We investigated associations between ambient pollution levels and cardiovascular function in a repeated measures study including 163 observations on twenty-one 53- to 87-year-old active Boston residents observed up to 12 times from June to September 1997. Particles with aerodynamic diameter </=2.5 microm (PM(2.5)) were measured continuously using a tapered element oscillating microbalance.
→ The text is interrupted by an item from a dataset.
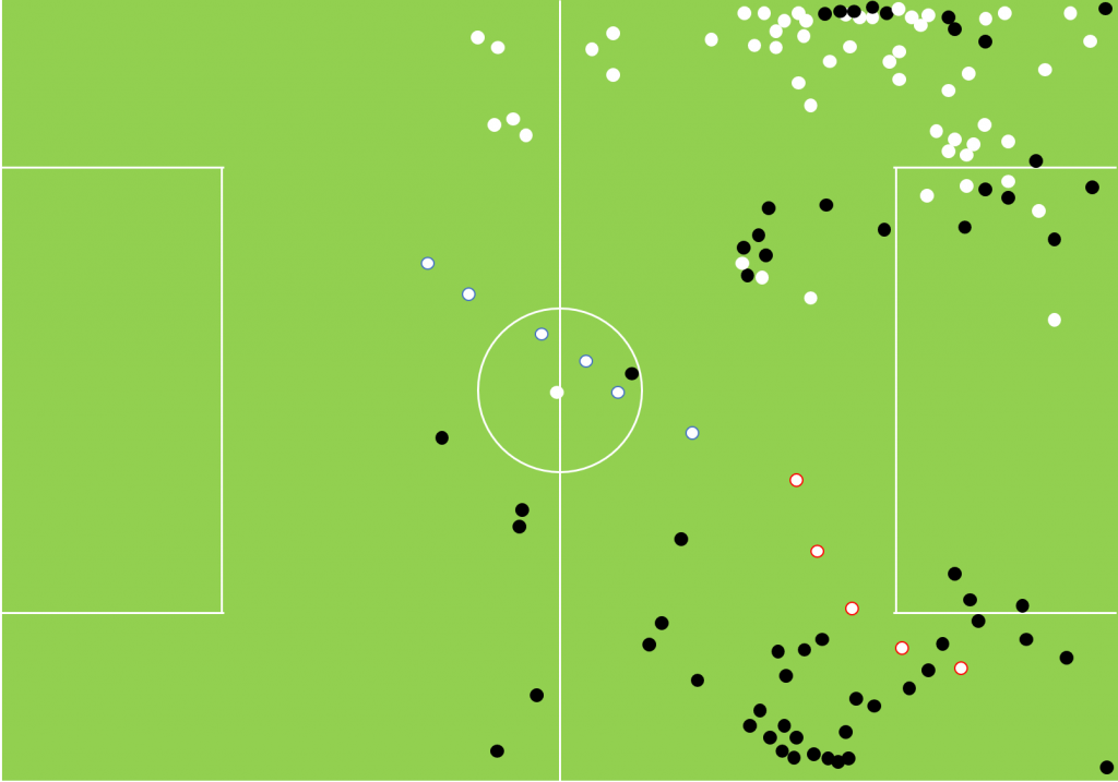 Grant’s white dots are more frequently central and concentrated more in the box. Whilst this is just one example, this has been a long-term trend that can be seen ever since he started moving more centrally following the Fleetwood game. Only a fraction of them were on the touchline. In these games, he has shredded his ‘touchline hugger’ reputation.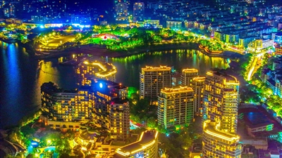 初夏,俯瞰千岛湖镇,灯火璀璨的城市轮廓与波光粼粼的湖面相映成趣,尽显都市风情。市民游客徜徉其间,共赏山城璀璨夜景的独特魅力。

The protocol involved 25 minutes per week of continuous Holter ECG monitoring, including 5 minutes of rest, 5 minutes of standing, 5 minutes of exercise outdoors, 5 minutes of recovery, and 20 cycles of slow breathing. Heart rate variability (HRV) was assessed through time domain variables: the standard deviation of normal RR intervals (SDNN) and the square root of the mean of the squared differences between adjacent normal RR intervals (r-MSSD). Mean 4-hour PM(2.5) levels ranged from 3 to 49 microg/m(3); 1-hour ozone levels ranged from 1 to 77 ppb. In multivariate analyses, significantly less HRV (SDNN and r-MSSD) was associated with elevated PM(2.5). During slow breathing, a reduction in r-MSSD of 6.1 ms was associated with an interquartile (14.3 microg/m(3)) increase in PM(2.5) during the hour of and the 3 hours previous to the Holter session (P=0.006). During slow breathing, a multiple pollution model was associated with a reduction in r-MSSD of 5.4 ms (P=0.02) and 5.5 ms (P=0.03) for interquartile changes in PM(2.5) and ozone, respectively, resulting in a combined effect equivalent to a 33% reduction in the mean r-MSSD.


Particle and ozone exposure may decrease vagal tone, resulting in reduced HRV.